On Friday, Ingedion Incorporated, a maker of starch and sweetener ingredients, announced that its Board of Directors authorized a stock repurchase program permitting the company purchase of up to 4 million of its outstanding common shares. Stock buybacks are on the rise. Today The Washington Post reports that the 30 companies of the Dow Jones stock index authorized $211 billion to buy back company stock in 2013
Why the increase in buybacks?
What if you are head of a large corporation and want to a pay increase? Your pay is partly tied to the earnings per share of outstanding company stock. You can increase earning the hard way by improving quality and appeal of what the company sells, or by investing in research and development to improve the product, or you can invest in training to improve the productivity of your labor force or invest in other countless ways that improve your product.
But there is an easier way.
Use cash on hand to buy back shares of company stock, thereby decreasing total shares. Voila! Earnings per share rise and so does your executive compensation. Here is a real kicker. In today's near zero interest rates, engineered by the Federal Reserve in part to encourage investment by corporations, CEO's can use borrowed money to buy back stock. It's good for CEO pay and good for short term holders of company stock, as share prices rise; but it's not so good for the economy and the long term growth of the company.
Buybacks at all companies this year are on track to reach $754 billion, not quite as high as the record $863 billion in 2007, but way above the recession low in 2009.
Last month Yahoo Finance reported that the high tech company behemoth Cisco announced that $15 billion would be authorized for company buy backs.
The Washington Post story reported that Home Depot authorized a $17 billion buyback in February; Goldman Sachs $10.8 billion in April, Pfizer $10 billion in June and Wal-Mart authorized $15 billion in June.
As an example of what a stock buyback can do for a corporate executive, The Wall Street Journal reported in May that Steve Burd, the CEO of Safeway Inc., got a $2.3 million stock award in March because there was a 61% increase in earnings per share. Safeway sales hadn't increased nor did profits per share. But with fewer shares outstanding, earnings per share increased. WSJ quoted Robin Ferracone, of pay consultant Farient Advisors as saying, "If you're a CFO or a top executive, you can determine if the EPS goes up or not based on a stock buyback,"

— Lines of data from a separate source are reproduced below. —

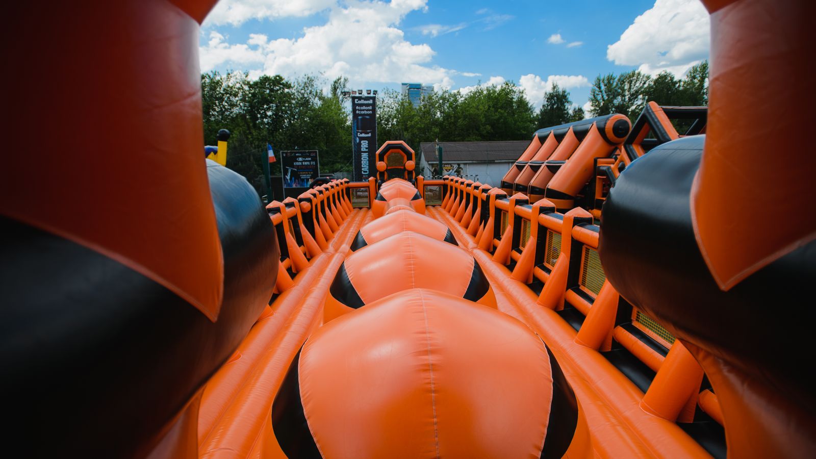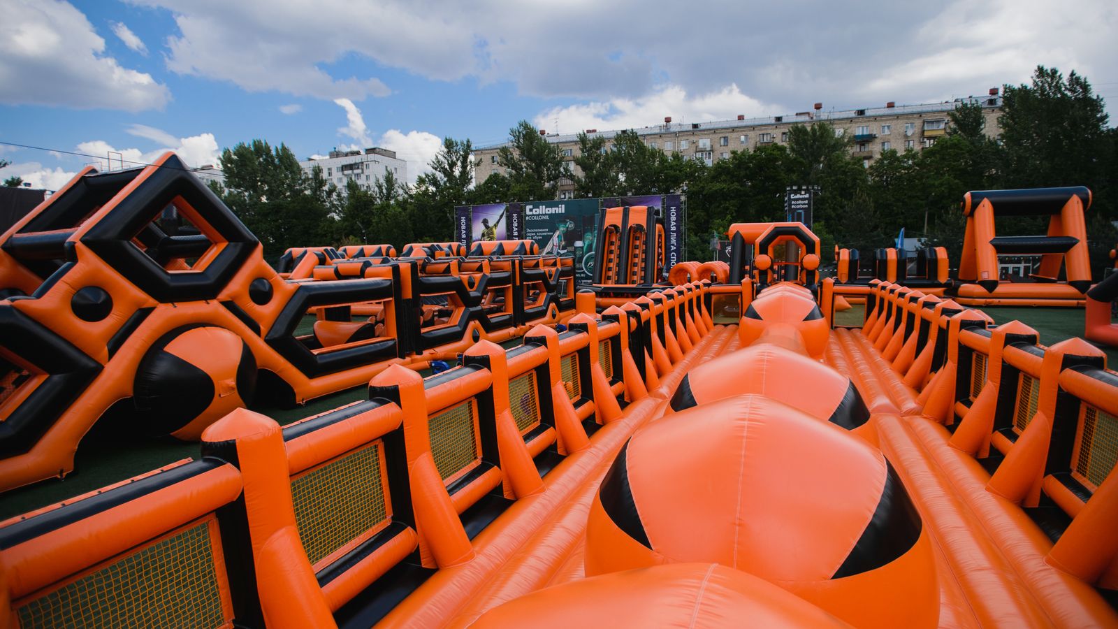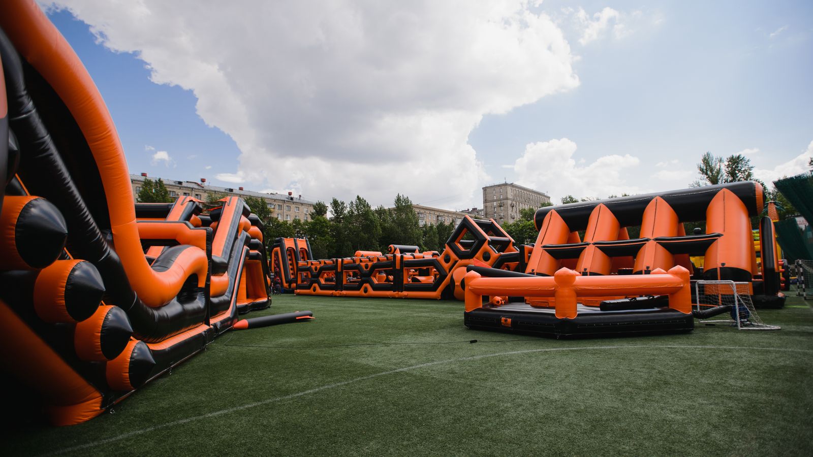 А для тех, кто хочет крутой комплект, но подешевле – в наличие есть надувные чёрно-оранжевые препятствия и их цветные аналоги.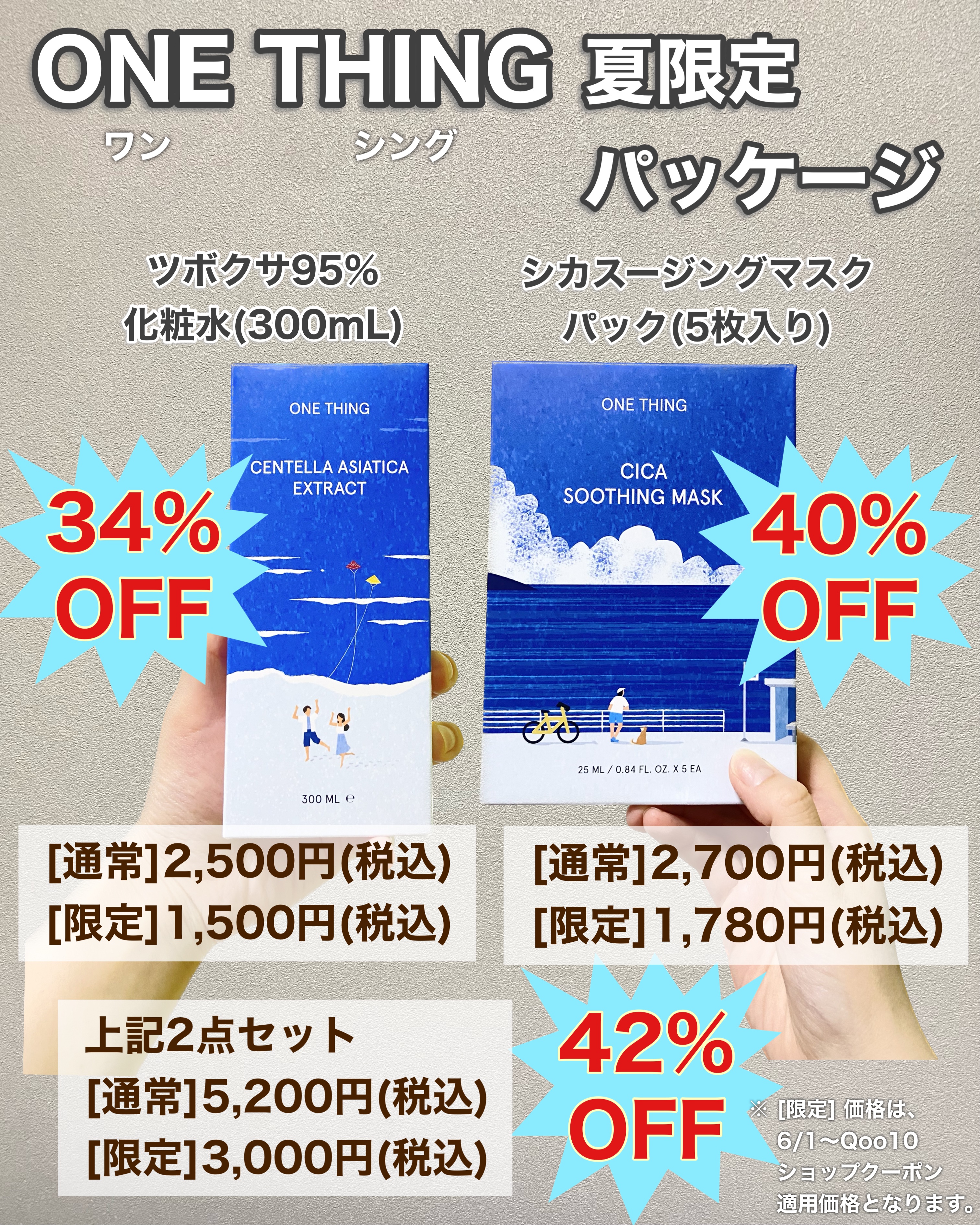 韓国スキンケアブランド「ONE THING」のBEST3商品 ☑︎ツボクサ95%化粧水 ☑︎ナイアシンアミドグルタチオンセラム ☑︎シカスージングマスクパックが入った、 私のおすすめは『ツボクサ95%化粧水』。炎症を抑えて肌を鎮静し、抗酸化作用で色素沈着を改善する効果も。 『シカスージングマスクパック』はシカアンプル一本分を丸ごと配合した贅沢なマスクパック。5分ほど貼っているだけでツヤっとした水光肌を叶えてくれるんです♡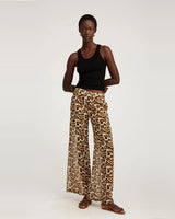 A chic wide leg pant made from slightly sheer, smooth and airy silk chiffon. Cut in a wide leg silhouette, these pants are designed with a comfortable stretchy elastic waistband for easy, pull-on wear. A chic style for day or night, style these with the matching button down or a classic tank top.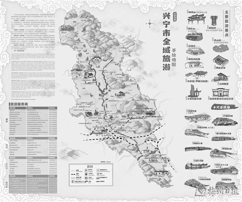 作为拥有文化之乡、华侨之乡、中国民间文化艺术(杯花舞)之乡、中国南方版画之乡、中国花灯之乡等美誉的兴宁,独具自然优势和人文荟萃。近日,兴宁再次推出手绘地图,上面标注了兴宁各处的旅游景点,还清楚标注了兴宁的旅游服务商的相关信息。

Do company buybacks offer executives too easy a way to boost their pay at the expense of the hard work of plowing back earnings into research and development and investment in employee training and product development? The Washington Post article quotes Ben Inker, co-head of asset management GMO investment management firm, “Corporate profits are very high, but corporations are not expecting a huge burst of growth. So they're finding ways of getting money back to shareholders."
Why invest if you are not expecting growth of sales? This doesn't bode well for the economy in 2014. Buybacks are out pacing investment.
AT&T, spent $11.1 billion this year buying back shares, while spending only $1.3 billion on research and development last year. Pfizer's original $10 billion buyback program increased to $11.5 billion. It only spent $7.9 billion in research last year.
Something seems not right with executive pay being tied to a measure so easily manipulated by CEOs and their boards. As reported in the WP story, Keith Johnson, former legal counsel to Wisconsin’s public pension fund said, “It’s just a really bad way to run an economy. It perverts the allocation of capital.” And Roger Martin, former dean of the Rotman School of Management at the University of Toronto, “In football, they have this absolute rule, which is if you’re ever caught betting on football if you’re a player or manager, you get punted out for life,” Martin said. “In the world of business, it’s a different rule.”